Das Simulationsmodell sowie das Rechennetz werden wie gewohnt auf einem lokalen Rechner erstellt. Das Netz und die Solver-Input-Daten werden in eine zip-Datei komprimiert und auf ein Amazon S3 Bucket hochgeladen. Das Hochladen von einem Gigabyte Daten dauert je nach Internetverbindung rund 30 Minuten. Zuerst muss das Cluster mit Head Nodes und Compute Nodes vollständig gestartet werden, was etwa zehn Minuten dauert. Nach dem Aufschalten auf den Head Node werden die Modelldaten aus dem Bucket-Speicherbereich in ein Verzeichnis auf dem Head Node kopiert und entpackt. Dann wird der Job an die Compute Nodes abgeschickt, der Lösungsprozess beginnt. Nachdem der Solver die Berechnung beendet hat, können die Ergebnisse auf einen lokalen Rechner geladen werden. Zwar gäbe es die Möglichkeit, die Ergebnisse direkt in der Amazon Cloud auszuwerten, dabei fallen jedoch zusätzliche Kosten an. Die Ergebnisdaten sind im Falle der transienten Analyse der Frischwasserkonzentration des gesamten Pools insgesamt ca. 150 Gigabyte groß. Sie sind auf einem lokalen Rechner mit acht Kernen und 128 Gigabyte Arbeitsspeicher noch gut handhabbar.

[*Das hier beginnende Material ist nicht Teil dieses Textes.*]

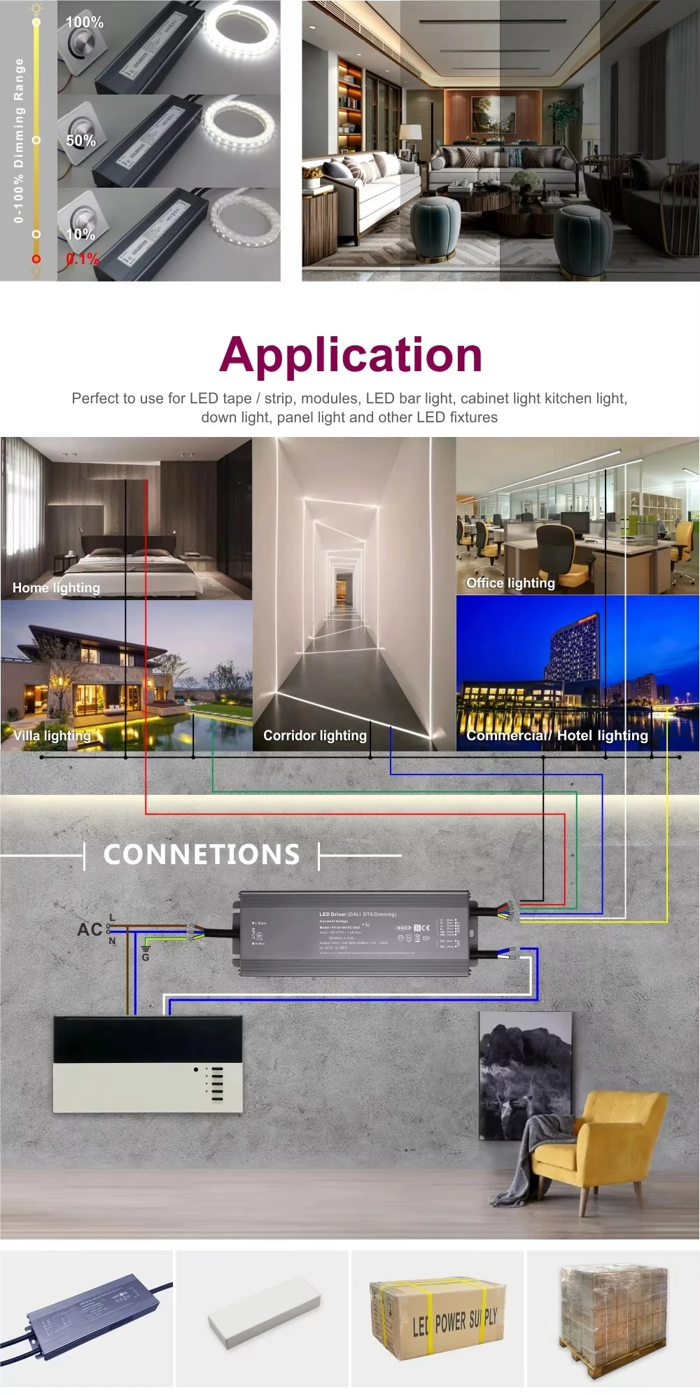 あらゆる環境に対する比類のない耐久性 私たちはレジリエンスを目指して構築します。耐久性のある防水 IP66 DALI-2 DT8 CCT 調光可能な LED ドライバーは、頑丈な保護シェルと効果的なヒートシンクの両方として機能する、洗練された直線的なフルアルミニウム ハウジングを備えています。この設計により、自由空気対流による効率的な冷却が可能になり、安定したパフォーマンスが保証されます。短絡、過負荷、過熱に対して厳密に保護されています。重要なのは、IP66 防水評価 (EU) を誇り、完全に防塵で強力な噴流から保護されており、乾燥した場所、湿気の多い場所、および湿った場所 (米国) に対して認定されています。この二重性により、屋内の建築物や商業スペースから、難しい屋外の看板やファサードの照明に至るまで、幅広い用途に最適な選択肢となります。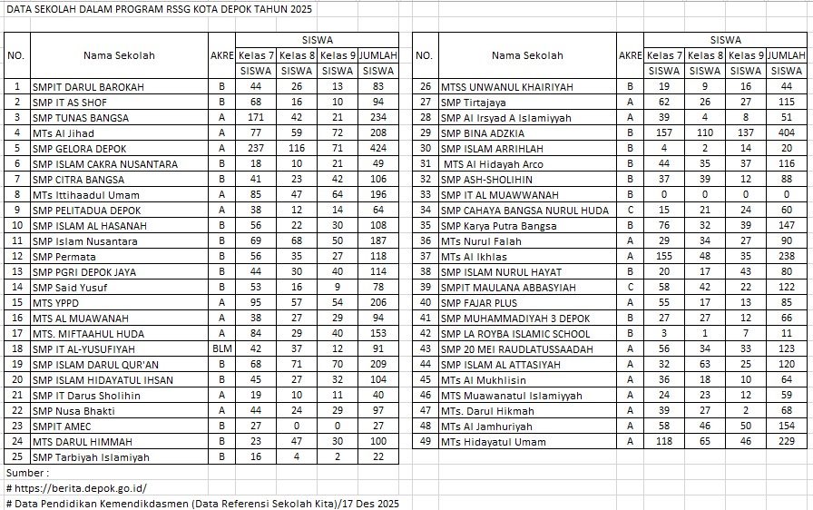 Program RSSG 2025 dirancang untuk memberikan pendidikan gratis di puluhan SMP/MTs swasta, dengan total 49 sekolah mitra dari akreditasi A, B, hingga C yang telah memenuhi syarat sebagai penerima pembiayaan pemerintah. Sekolah mitra RSSG memiliki kapasitas besar untuk menampung siswa kelas 7, sesuai tabel resmi yang dirilis pemkot Depok.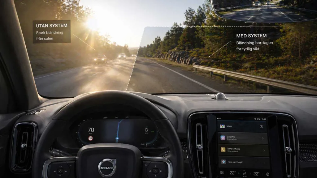 När bländningspunkten är identifierad aktiveras vad Volvo kallar en ”antibländningsenhet”. Det handlar om en switchbar fönsterfilm eller ett smart glas integrerat i rutan. Istället för att mörklägga hela rutan, skapas en liten, mörk punkt precis där solen stör.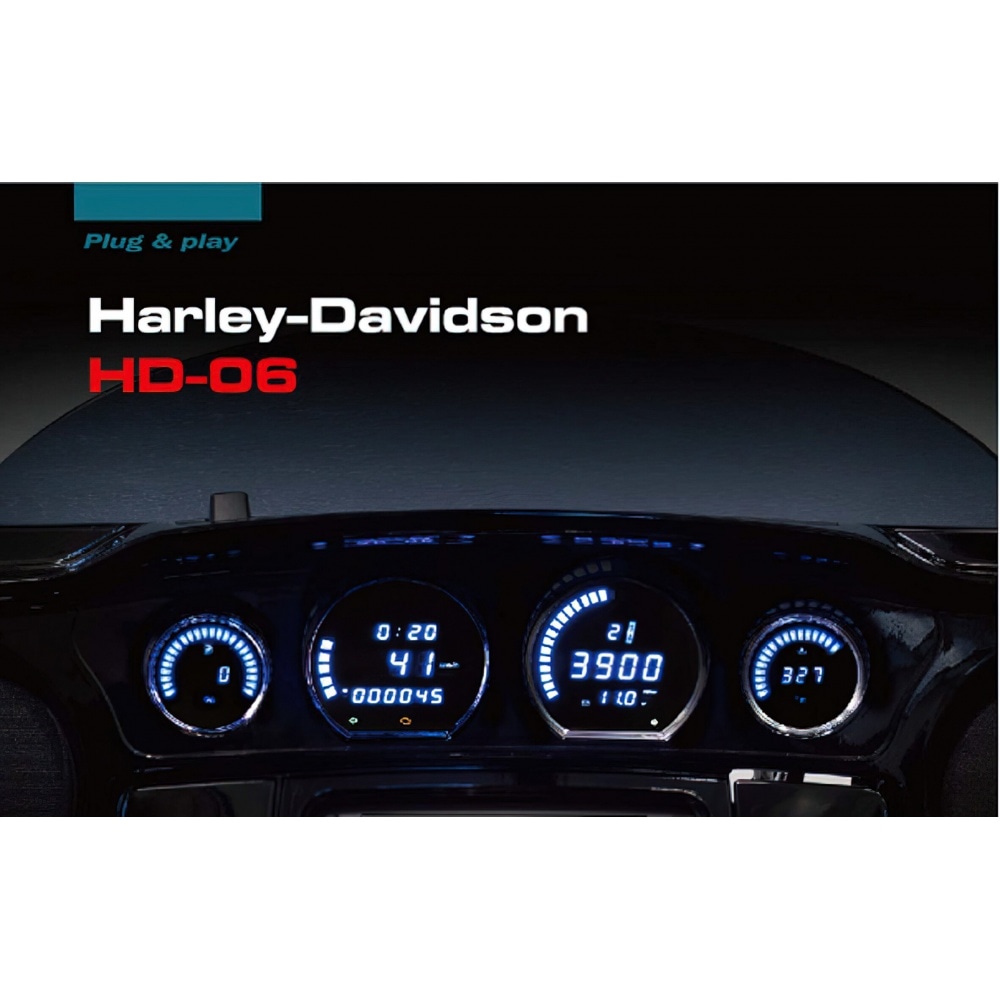 LED Dashboard 4 instruments Koso HD-06 blau / black Harley Davidson Touring 2014 - 20. Due to the great response from Harley fans, Koso decided to develop a complete dashboard with multiple instruments.

Schnitt durch Frischwasserdüse mit dünnem Spalt (Bild: Hexagon AB)
Schnitt durch Frischwasserdüse mit dünnem Spalt (Bild: Hexagon AB)

Cloud oder lokal?

Die Lösungszeit großer Modelle reduziert sich in der Cloud drastisch und macht – wie in diesem Beispiel – eine Simulation überhaupt erst wirtschaftlich möglich. Allerdings sind zusätzliche Arbeiten für die Vorbereitung notwendig und es entstehen Kosten. Doch die gewonnenen Erkenntnisse aus der Simulation sind für Zeller Bäderbau nicht nur für dieses Projekt hilfreich, sondern auch für weitere Projekte. Denn im Ergebnis zeigen sie, wie mit deutlich weniger Frischwasser ein gleichmäßiger Austausch im Becken erreicht werden kann.